The Netflix adaptation surgically removed many of these warts. The actress playing Faye Valentine wears a perfectly normal outfit, rather than the teenage boy’s fantasy the animated version was stuck with. The stereotypical Native American mystic out of an old western is notably absent. The villain’s cartoonishly edgy name, “Vicious,” is matched with an old code name, “Fearless,” that protagonist Spike Spiegel had when he was part of the same organized crime family, giving it at least an air of plausibility.
The warts are gone, but what is left is not a work that is actually interesting. It is a shame, really. Unlike previous Netflix adaptations, it was clear to me that the show runners on this one were taking the matter seriously, especially when they brought Yoko Kanno, composer of the original’s iconic soundtrack, on board. I do not believe in judging adaptations based on their faithfulness to the original. I try to take it on its own terms, to ask how it comes across if you had never seen what it is adapting. Unfortunately, I think on its own terms, it is largely boring.
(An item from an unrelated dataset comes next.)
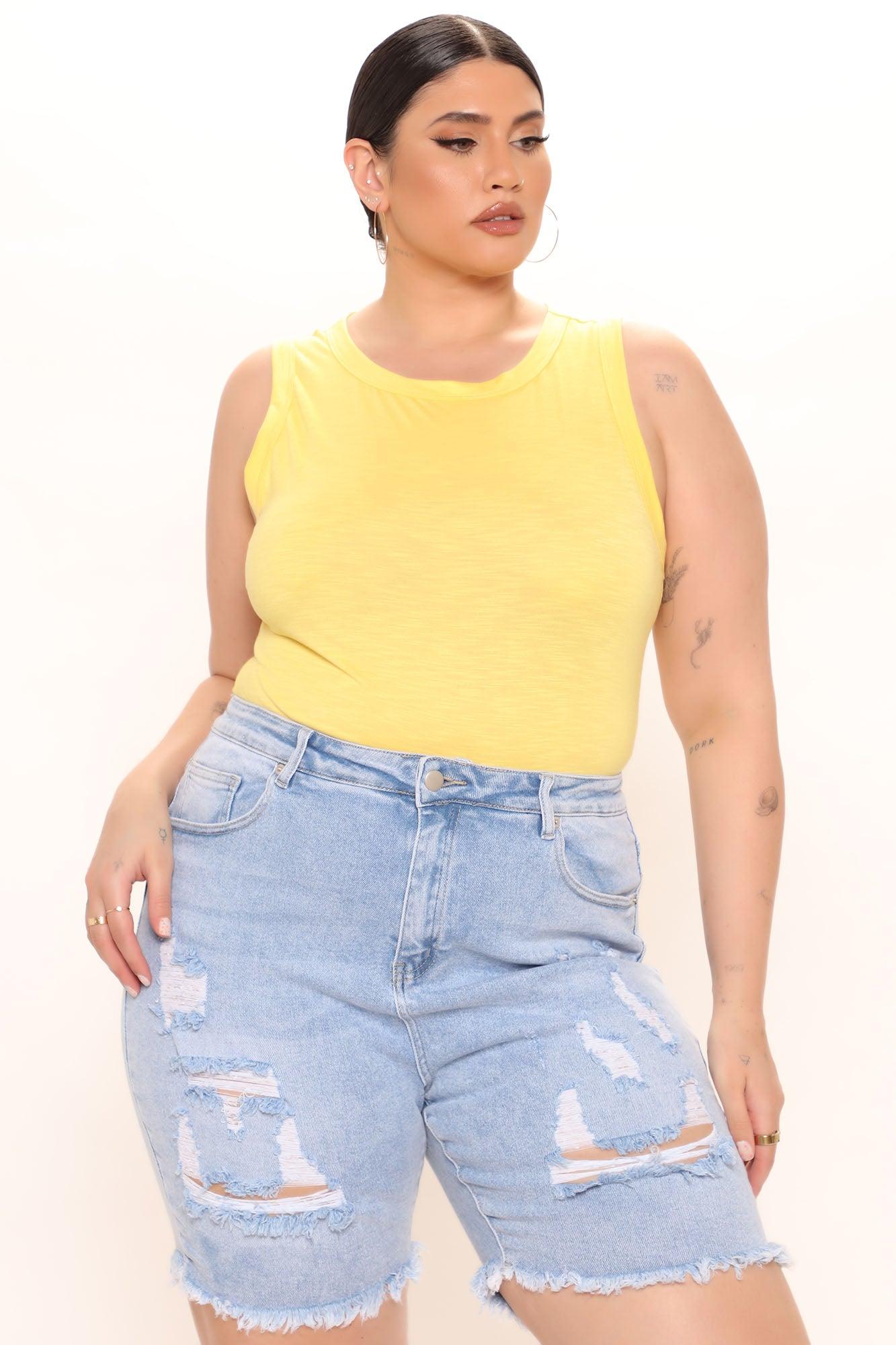 Available In Brown, Taupe, Pink, Yellow, And Lime. Sleeveless Bodysuit Crew Neck Slub Jersey Cheeky Bottom Snap Button Closure Stretch Final Sale 95% Polyester 5% Elastane California Proposition 65 WARNING: Cancer and Reproductive Harm - www.P65Warnings.ca.gov.

It is worth comparing the two not because of a failure of the adaptation to be the original all over again, but because the real failures of the adaptation are more apparent when we look to the successes of the original. Vicious is a case in point—indeed, the Americans’ attempt to save Vicious from his fate of appealing to edgy teenagers was in some way the undoing of the whole series.
As a teenager watching Cowboy Bebop for the first time, I yearned for more episodes that focused on the conflict between Spike and Vicious. But as an adult I realized that that plot, the one long thread through the series, was entirely besides the point. The show is not about Spike and his past, it is about the Bebop, and its space faring, bounty hunting crew. Each episode is a chance encounter, a new story, in which these overskilled yet luckless losers inevitably end up back at square one, and unable to squeeze out a single red cent for their efforts. Director Shinichirō Watanabe feeds audiences a horror story in one episode, a comedy in the next, and a horror that ends in a punchline in yet another.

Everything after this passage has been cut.